Northwest Arkansas Democrat-Gazette

Farmers in India again call for strike

Pricing laws continue to draw protest

- SHONAL GANGULY

NEW DELHI — Tens of thousands of protesting Indian farmers called for a national farmers’ strike on Monday, the second in a week, to press for the quashing of three new laws on agricultur­al reform that they say will drive down crop prices and devastate their earnings.

The farmers are camping along at least five major highways on the outskirts of New Delhi and have said they won’t leave until the government rolls back what they call the “black laws.” They have blockaded highways leading to the capital for three weeks, and several rounds of talks with the government have failed to produce any breakthrou­ghs.

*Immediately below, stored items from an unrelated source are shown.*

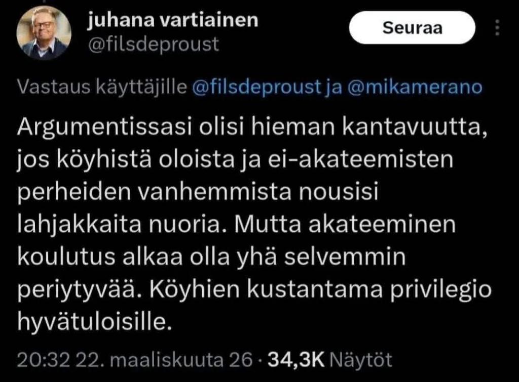 Väki on saatu riittävästi pelkäämään. Valtion varat voidaan nyt sijoittaa isänmaallisesti. Heikompilahjaisia ei kannata liikaa kouluttaa, riittää, että kokoomusvesat menevät yliopistoon. Köyhien hyysääminen on jo lopetettu.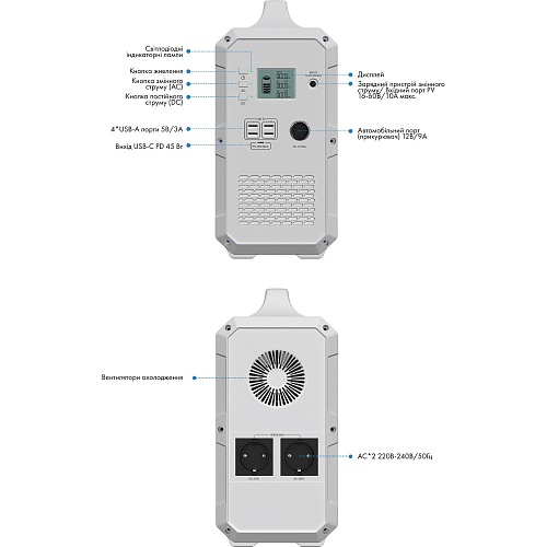 | Комплектація | Зарядна станція • зарядний пристрій змінного струму • кабель для заряджання від сонячних батарей • документація |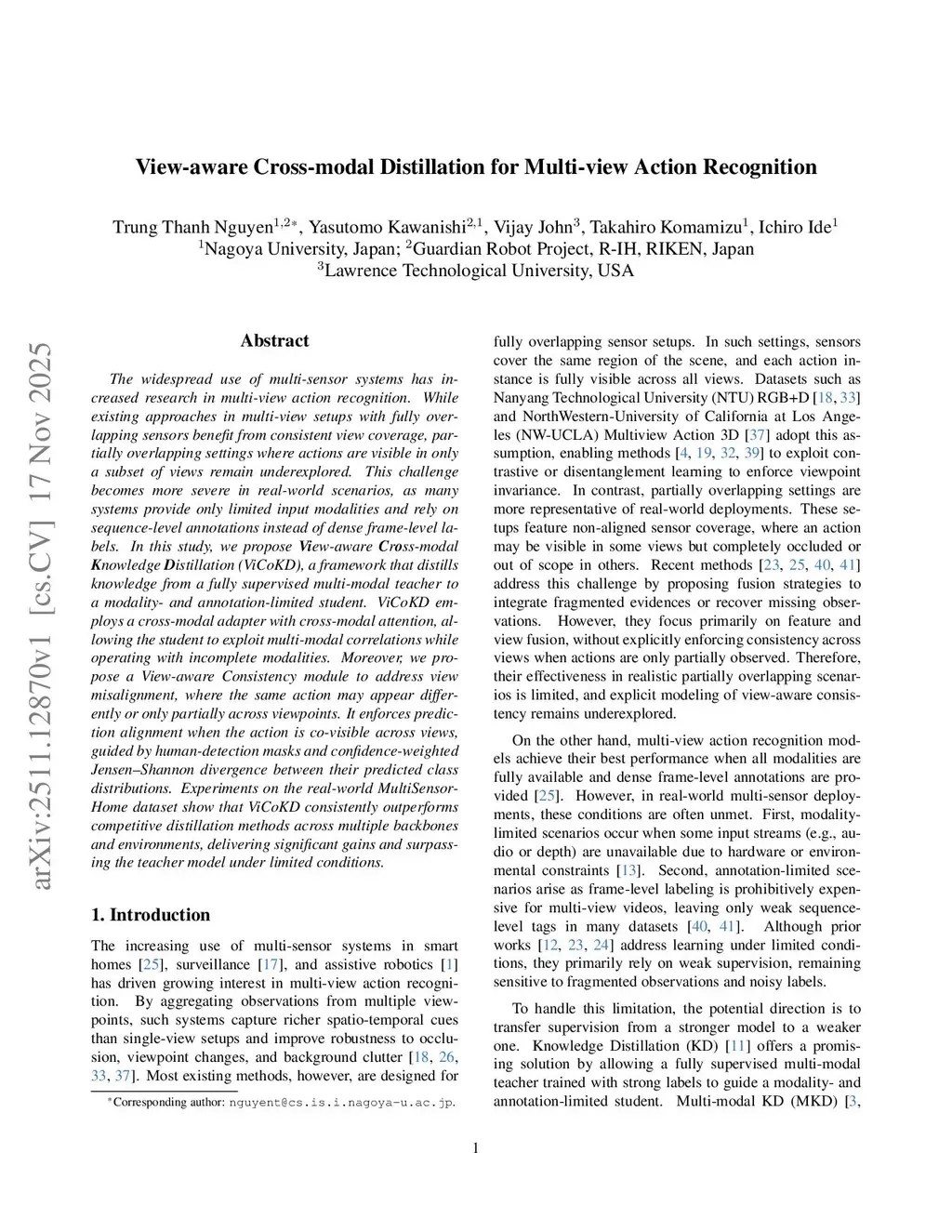 View-aware Cross-modal Distillation for Multi-view Action Recognition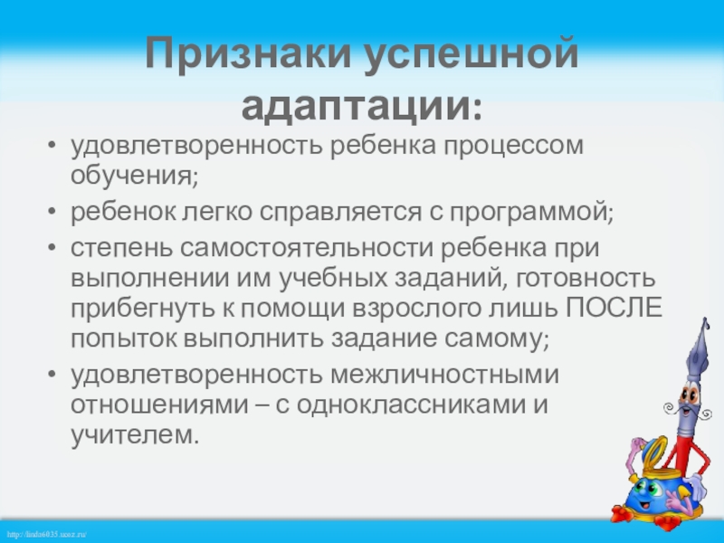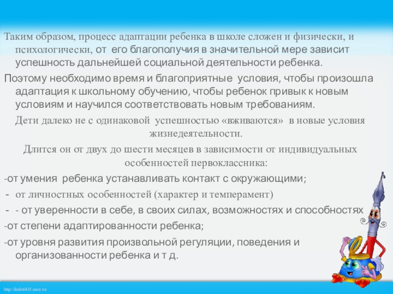 Поэтому необходимо время и благоприятные условия, чтобы произошла адаптация к школьному обучению, чтобы ребенок привык к новым условиям и научился соответствовать новым требованиям.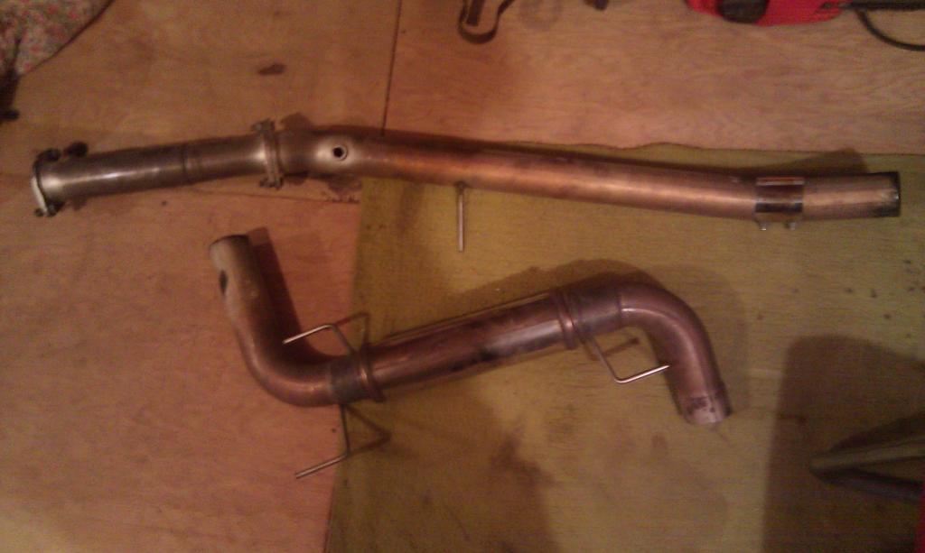 Custom EnthuzaCar full 3" SS exhaust, single Magnaflow resonator (no muffler, LOUD) - $400

Scores of farmer leaders also conducted a token hunger strike on Monday at the protest sites. Heavy contingent­s of police in riot gear patrolled the areas where the farmers have been camping.

Protest leaders have rejected the government’s offer to amend some contentiou­s provisions of the new farm laws, which deregulate crop pricing, and have stuck to their demand for total repeal.

At Singhu, a protest site on the outskirts of New Delhi, hundreds of farmers blocked all entry and exit routes and chanted anti-government slogans. Some of them carried banners reading “No farmers, no food.”

Protester Rajdeep Singh, a 20-year-old student who helps his farming family back home in Punjab, said the protest would continue until their demands are met.

“Now it’s their [government’s] ego and the question of our pride,” he said.

Farmer leaders have threatened to intensify their actions and have threatened to block trains in the coming days if the government doesn’t abolish the laws.

The farmers filed a petition with the Supreme Court on Friday seeking the quashing of the laws, which were passed in September. The petition was filed by the Bharatiya Kisan Union, or Indian Farmers’ Union, and its leader, Bhanu Pratap Singh, who argued that the laws were arbitrary because the government enacted them without proper consultati­ons with stakeholde­rs.

The farmers fear the government will stop buying grain at minimum guaranteed prices and corporatio­ns will then push prices down. The government says it is willing to pledge that guaranteed prices will continue.

With nearly 60% of the Indian population depending on agricultur­e for their livelihood­s, the growing farmer rebellion has rattled Prime Minister Narendra Modi’s administra­tion and its allies.